Mikhail Stepanovich Olminsky (Михаил Степанович Ольминский; 15 October, [O.S. 3 October] 1863 – May 8, 1933) (real surname: Aleksandrov) was a prominent Russian Bolshevik particularly involved with Party history and also an active literary scholar and publicist.

Olminsky was born in Voronezh to the family of a minor state official and noble. He joined Narodnaya Volya as a student at St Petersburg University and was arrested in 1885 and exiled to Voronezh. In 1893, he was involved in spreading revolutionary propaganda among workers in St Petersburg, for which he was arrested and spent about five years in solitary confinement. He joined the Russian Social Democratic Labour Party (RSDLP) when it was founded, in 1898. In 1904, he emigrated to Switzerland, where he joined the Bolsheviks, and supported Lenin against the conciliators who wanted to reunite the Bolshevik and Menshevik factions of the RSDLP. He took part in a conference of 22 Bolsheviks held in Geneva in summer 1904 which agreed the letter To the party which paved the way for the Bolshevik-Menshevik split. He was then appointed one of five editors of Vpered, the first exclusively Bolshevik newspaper, published in Switzerland.

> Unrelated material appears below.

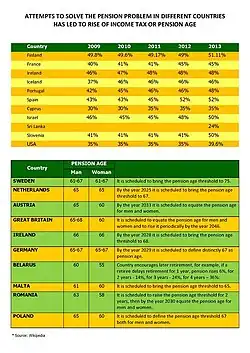 - Retirement age increase;

Olminskye returned to St Petersburg during the 1905 Revolution and worked on the editorial board of several Bolshevik newspapers, including Novaya Zhizn. In 1907–08, he was based in Baku, but returned to St Petersburg in 1909. In 1912, he was one of the founders of Pravda. In 1915, in Saratov, he edited the only legal Bolshevik newspaper, Нашей газеты. In 1916, he moved to Moscow, where he was co-opted onto the regional bureau of the RSDLP, and edited the trade union newspaper, Голос печатного труда. He was also a contributor to the magazine Letopis which was published between 1915 and 1917.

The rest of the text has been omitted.